RECORDS FOR THIS TASK =>
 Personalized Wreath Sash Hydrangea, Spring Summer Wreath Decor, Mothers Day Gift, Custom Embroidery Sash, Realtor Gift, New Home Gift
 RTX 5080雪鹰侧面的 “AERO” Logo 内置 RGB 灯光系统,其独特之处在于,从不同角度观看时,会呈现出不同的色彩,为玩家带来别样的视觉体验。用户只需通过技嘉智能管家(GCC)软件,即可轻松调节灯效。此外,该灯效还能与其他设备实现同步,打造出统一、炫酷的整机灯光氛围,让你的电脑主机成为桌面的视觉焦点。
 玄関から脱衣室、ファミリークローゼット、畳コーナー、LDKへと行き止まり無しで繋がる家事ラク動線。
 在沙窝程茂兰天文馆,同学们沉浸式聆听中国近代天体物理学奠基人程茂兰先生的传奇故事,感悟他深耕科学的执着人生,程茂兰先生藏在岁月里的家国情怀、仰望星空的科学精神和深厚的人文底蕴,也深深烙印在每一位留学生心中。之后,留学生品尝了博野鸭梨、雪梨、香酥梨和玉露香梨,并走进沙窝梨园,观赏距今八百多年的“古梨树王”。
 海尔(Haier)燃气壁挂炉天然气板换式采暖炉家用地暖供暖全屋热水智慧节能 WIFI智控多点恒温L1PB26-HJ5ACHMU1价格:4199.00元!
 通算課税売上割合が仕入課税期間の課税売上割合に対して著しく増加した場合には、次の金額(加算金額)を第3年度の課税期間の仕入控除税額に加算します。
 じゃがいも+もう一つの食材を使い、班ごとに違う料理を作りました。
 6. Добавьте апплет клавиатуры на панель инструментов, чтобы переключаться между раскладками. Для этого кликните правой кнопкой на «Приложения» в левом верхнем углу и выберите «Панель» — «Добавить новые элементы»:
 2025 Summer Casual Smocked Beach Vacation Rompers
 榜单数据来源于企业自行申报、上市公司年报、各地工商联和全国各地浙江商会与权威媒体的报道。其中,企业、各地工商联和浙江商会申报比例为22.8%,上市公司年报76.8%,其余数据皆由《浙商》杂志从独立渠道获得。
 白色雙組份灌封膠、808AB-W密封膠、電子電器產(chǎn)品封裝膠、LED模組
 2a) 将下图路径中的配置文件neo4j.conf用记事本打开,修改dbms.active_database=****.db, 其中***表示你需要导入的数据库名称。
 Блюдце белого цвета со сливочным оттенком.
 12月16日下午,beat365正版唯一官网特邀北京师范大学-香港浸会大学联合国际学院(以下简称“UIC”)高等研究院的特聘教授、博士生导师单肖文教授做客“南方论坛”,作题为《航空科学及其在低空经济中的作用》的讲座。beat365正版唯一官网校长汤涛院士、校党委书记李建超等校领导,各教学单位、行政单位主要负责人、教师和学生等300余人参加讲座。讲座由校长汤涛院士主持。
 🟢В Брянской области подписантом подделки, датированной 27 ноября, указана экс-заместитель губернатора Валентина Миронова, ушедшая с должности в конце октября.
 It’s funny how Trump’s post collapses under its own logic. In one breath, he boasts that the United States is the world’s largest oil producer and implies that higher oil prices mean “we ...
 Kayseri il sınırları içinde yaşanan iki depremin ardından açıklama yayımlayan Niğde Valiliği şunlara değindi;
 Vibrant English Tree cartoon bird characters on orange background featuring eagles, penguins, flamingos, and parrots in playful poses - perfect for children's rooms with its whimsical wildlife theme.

ACTIVITY => Would you repeat all of the data above, word for word?

ANSWER SECTION =>
 Personalized Wreath Sash Hydrangea, Spring Summer Wreath Decor, Mothers Day Gift, Custom Embroidery Sash, Realtor Gift, New Home Gift
 RTX 5080雪鹰侧面的 “AERO” Logo 内置 RGB 灯光系统,其独特之处在于,从不同角度观看时,会呈现出不同的色彩,为玩家带来别样的视觉体验。用户只需通过技嘉智能管家(GCC)软件,即可轻松调节灯效。此外,该灯效还能与其他设备实现同步,打造出统一、炫酷的整机灯光氛围,让你的电脑主机成为桌面的视觉焦点。
 玄関から脱衣室、ファミリークローゼット、畳コーナー、LDKへと行き止まり無しで繋がる家事ラク動線。
 在沙窝程茂兰天文馆,同学们沉浸式聆听中国近代天体物理学奠基人程茂兰先生的传奇故事,感悟他深耕科学的执着人生,程茂兰先生藏在岁月里的家国情怀、仰望星空的科学精神和深厚的人文底蕴,也深深烙印在每一位留学生心中。之后,留学生品尝了博野鸭梨、雪梨、香酥梨和玉露香梨,并走进沙窝梨园,观赏距今八百多年的“古梨树王”。
 海尔(Haier)燃气壁挂炉天然气板换式采暖炉家用地暖供暖全屋热水智慧节能 WIFI智控多点恒温L1PB26-HJ5ACHMU1价格:4199.00元!
 通算課税売上割合が仕入課税期間の課税売上割合に対して著しく増加した場合には、次の金額(加算金額)を第3年度の課税期間の仕入控除税額に加算します。
 じゃがいも+もう一つの食材を使い、班ごとに違う料理を作りました。
 6. Добавьте апплет клавиатуры на панель инструментов, чтобы переключаться между раскладками. Для этого кликните правой кнопкой на «Приложения» в левом верхнем углу и выберите «Панель» — «Добавить новые элементы»:
 2025 Summer Casual Smocked Beach Vacation Rompers
 榜单数据来源于企业自行申报、上市公司年报、各地工商联和全国各地浙江商会与权威媒体的报道。其中,企业、各地工商联和浙江商会申报比例为22.8%,上市公司年报76.8%,其余数据皆由《浙商》杂志从独立渠道获得。
 白色雙組份灌封膠、808AB-W密封膠、電子電器產(chǎn)品封裝膠、LED模組
 2a) 将下图路径中的配置文件neo4j.conf用记事本打开,修改dbms.active_database=****.db, 其中***表示你需要导入的数据库名称。
 Блюдце белого цвета со сливочным оттенком.
 12月16日下午,beat365正版唯一官网特邀北京师范大学-香港浸会大学联合国际学院(以下简称“UIC”)高等研究院的特聘教授、博士生导师单肖文教授做客“南方论坛”,作题为《航空科学及其在低空经济中的作用》的讲座。beat365正版唯一官网校长汤涛院士、校党委书记李建超等校领导,各教学单位、行政单位主要负责人、教师和学生等300余人参加讲座。讲座由校长汤涛院士主持。
 🟢В Брянской области подписантом подделки, датированной 27 ноября, указана экс-заместитель губернатора Валентина Миронова, ушедшая с должности в конце октября.
 It’s funny how Trump’s post collapses under its own logic. In one breath, he boasts that the United States is the world’s largest oil producer and implies that higher oil prices mean “we ...
 Kayseri il sınırları içinde yaşanan iki depremin ardından açıklama yayımlayan Niğde Valiliği şunlara değindi;
 Vibrant English Tree cartoon bird characters on orange background featuring eagles, penguins, flamingos, and parrots in playful poses - perfect for children's rooms with its whimsical wildlife theme.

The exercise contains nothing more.